He acted like recommending a book to a woman who was unfamiliar with comics was some sort of huge chore and he really had better things to be spending his time on; but when pressed, recommended Watchmen. I asked him what it was about, since it was sealed in plastic and he didn’t want it opened by someone who might not buy it, and he said, oh, it was by Alan Moore (but still did not tell me what it was about). I indicated that I’d never heard of Alan Moore. He indicated that clearly I must be some sort of poser imbecile (‘You’ve never heard of Alan Moore?’), not an actual rare Female Comics Geek, because comics geeks know who Alan Moore is.

 

I indicated that I’d read a few issues of Runaways that I liked, after a suggestion made by my boyfriend. He indicated that now everything made sense. I was a Girlfriend Who’d Read A Comic Once. Not an actual Geek. Just a Girlfriend who’d accidentally wandered into the store without her Geek Man. He half-heartedly recommended I just look around at a few things and maybe I’d find something I liked – this being made a bit difficult by the trades being in plastic you weren’t allowed to open without permission. Then he walked away. Just left me standing there in an otherwise empty store, still clueless, in the midst of the bewildering selection of Stories I Couldn’t Browse Through Without His Permission, feeling very unwelcome and slightly ashamed to not already know everything about every comic, ever.

 

Needless to say, I didn’t buy anything that day. The guy made me feel so unwelcome and so much like I was bothering him just by being there that I didn’t even want to go to the check-out line to interact with him again, and I’m not a timid person. At all. Now, you could say, “he was just a rude guy.” Well, he was. But he was rude to me specifically because I was a woman and therefore clearly not a serious geek. I know this because I watched him interacting helpfully and not-rudely with the three male customers who he helped before me, one of whom had also asked for recommendations.

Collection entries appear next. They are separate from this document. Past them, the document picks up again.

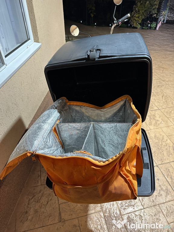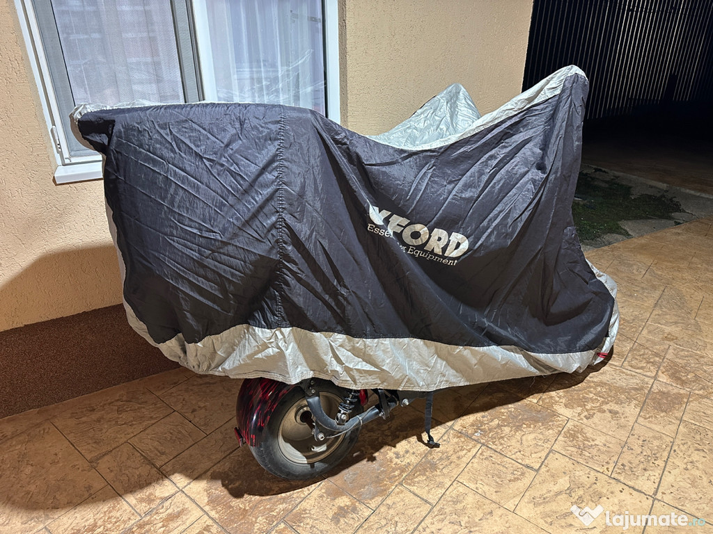 Bonus: două cauciucuri de pe un scuter mai vechi în stare bună, geantă pentru livrări care încape perfect în cutie(geanta ar trebui curățată), husă Oxford pentru ploaie și antifurt.
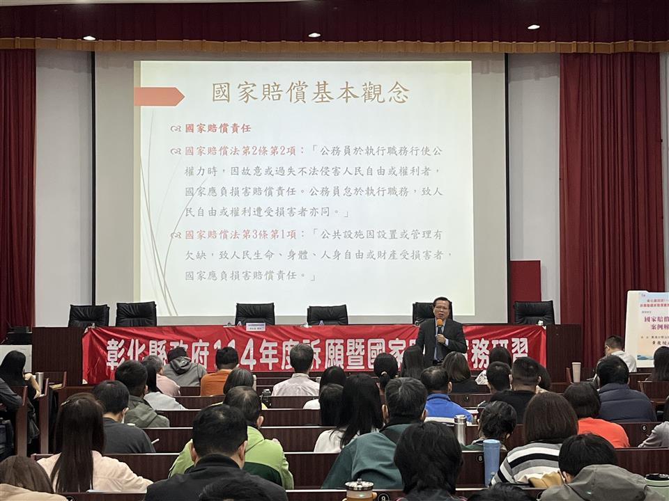 新聞焦點 彰化縣政府舉辦114年度訴願及國家賠償實務研習 提升行政法實務能力 發布日期 2025/12/04~2026/01/04 | 發佈單位: 行政處訴願科 | 發佈日期: 許小姐 7531767 | 更新日期 2025/12/04 | 瀏覽人數: 25人 彰化縣政府於12月3日在縣府第二辦公大樓9樓舉辦「114年度訴願及國家賠償實務研習」,邀請東海大學黃啟禎教授與中興大學李惠宗教授,針對國家賠償與訴願等課題進行深入探討。此次研習會吸引來自本府及所屬機關學校、公所等約160位同仁參與,共同提升在行政法領域的實務能力。 縣府行政處長吳蘭梅代表縣長出席並致詞,對學員們的參與表達高度的肯定與鼓勵。本次研習不僅是對行政實務能力的強化,更有助於提升政府機關的法制運作與透明度。相信學員們今天所學知識對日後工作有很大助力,也將促進整體行政效能的提升。 本次研習黃啟禎教授講授「國家賠償案例解析」,黃教授現任東海大學法學院教授,並擁有德國慕尼黑大學法學博士學位,在講座中深入分析「國家賠償案例」,以具體案例解析方式,幫助學員理解國家賠償的法律原則與實務操作,並分享相關的司法判決與實務經驗。李惠宗教授則講授「訴願與行政訴訟案例解析」,李教授現任中興大學法學院教授,同樣擁有德國慕尼黑大學法學博士學位,則針對「訴願與行政訴訟案例解析」進行講解,介紹訴願程序的基本規定,並透過多個案例分析,闡述行政訴訟與訴願在實務中的操作與應用,為學員提供實用的法律知識與應對策略。 此次研習活動不僅加深學員對訴願與國家賠償相關規定的理解,還進一步加強行政機關在處理法律爭議中的專業能力,對彰化縣政府提升依法行政的水準具有重要意義。
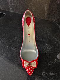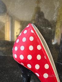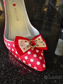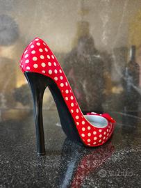 Porta bottiglia a forma di scarpa tacco da donna elegante colore rosso con poiss bianchi. Oggetto acquistato ad un mercatino Vintage, pezzo raro realizzato con base in plastica e rivestimento in tessuto di colore rosso a poiss (pallini), molto resistente e ben curato con base di appoggio solida, difficile farlo cadere. La scarpa con tacco può contenere una bottiglia di vino da 750ml con diametro base fino a 8cm Misure: 22cm lunghezza, 21cm altezza, 10cm larghezza
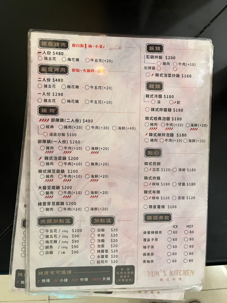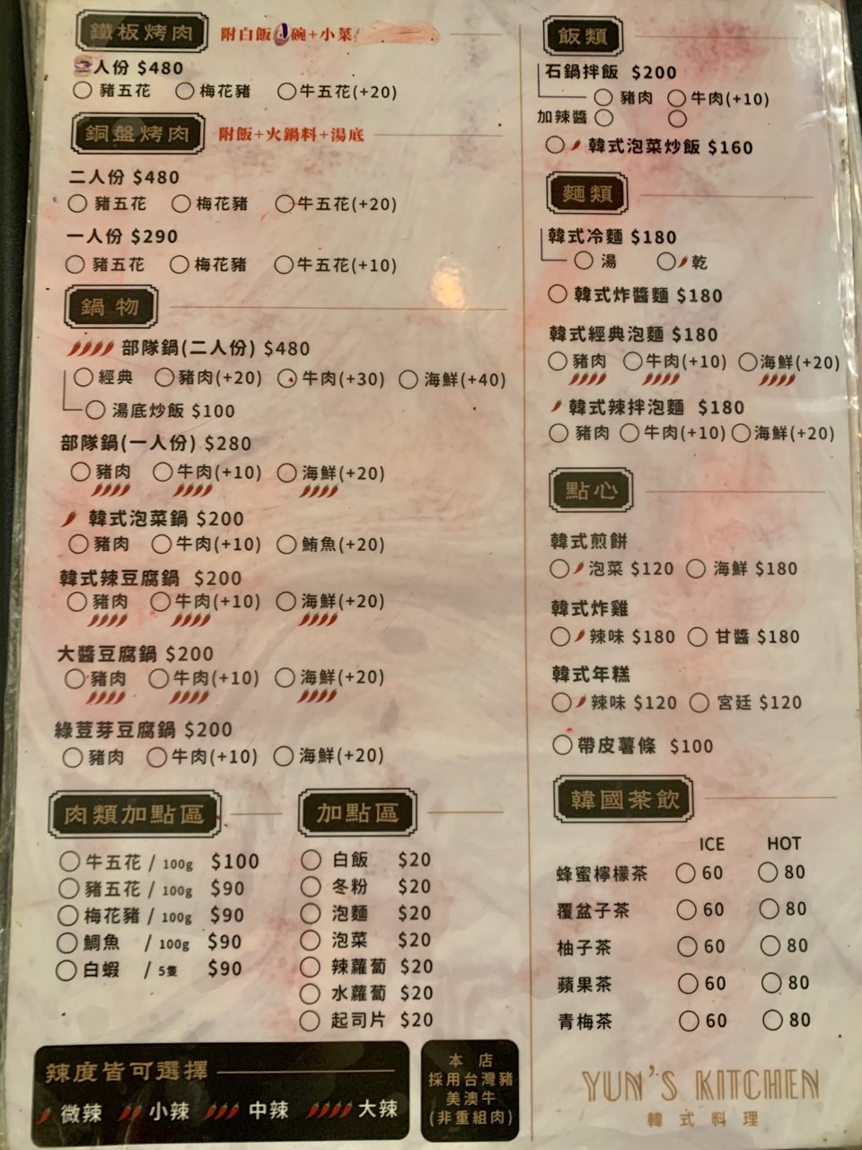 2024最新在地推薦餐廳的菜單_Yun’s kitchen 韓式料理(最後收客時間21:55)公休時間依臉書為主的菜單、圖片

I know this because I had a whole conversation with him in which he made me feel, both subtly and not-so-subtly, like I was unwelcome in the store and unworthy of his time because I was a woman and therefore not knowledgeable about comics like his male customers. I know this because I still remember how it felt to be unexpectedly treated like a second-class citizen by someone whose job it was supposed to be to help me.

 

Why am I talking about this now? Because it wasn’t an isolated incident. Ridiculous as it may seem, even now, when I know much, much more about comics and the industry, when I’m actually known by some people for how big a fan I am of comics and a particular character, I still occasionally encounter the attitude that I’m somehow here in the Comics World by accident or as a Secondary Character in the whole show; not because I love it with as much passion as any guy out there.

 

For example: a year or so ago, I was attending a con and ran into a male acquaintance of mine who is on the creator side of the industry and who I’ve known for awhile. As we stood near his table at the end of a row in Artist’s Alley chatting and catching up, out of nowhere he said to me “So, where’s the guy?” I had no idea what he meant, and replied with a blank “What?” His response: “Well, you’re always here with one of the guys [in the industry]. I was wondering who you’re here with this time.”

 

Now it’s true that when we met I was introduced to him by another “one of the guys” who is a friend and happened to be walking the con floor with me. It’s also true that often when I’m at a con, I’ll hang out with some of the industry folks, because I naturally gravitate towards creative people who share my interests, and they tend to be on the creator side of things; and it’s true that most of these people are men. But I’ve actually never gone to a con with a man, and was surprised that this was the impression my acquaintance seemed to have; that I always tagged along with some guy, rather than being excited about and planning a trip to the con all by myself because I love comics and comic cons.

 

And frankly, this made me a little angry. In response, I asked him to look down his row – a long Artist’s Alley row of artists and writers – and tell me how many women he saw. The answer? Not one. In his row of maybe twenty-plus creators, there wasn’t a single woman. Gee; no wonder so many of my creator friends and people I walk around cons with are male.

 

Now, this man is a nice person; and he wasn’t intending to be offensive. But he expressed an attitude that I’ve not only experienced myself but seen pop up regularly all over the comics and geek fandoms – that somehow, women who are in geek fandom are the secondary characters in the all male show, there in one way or another because of a guy (or, worse, there just for guys to look at). It ties into the attitude of the comics store clerk, and bothers me for several reasons.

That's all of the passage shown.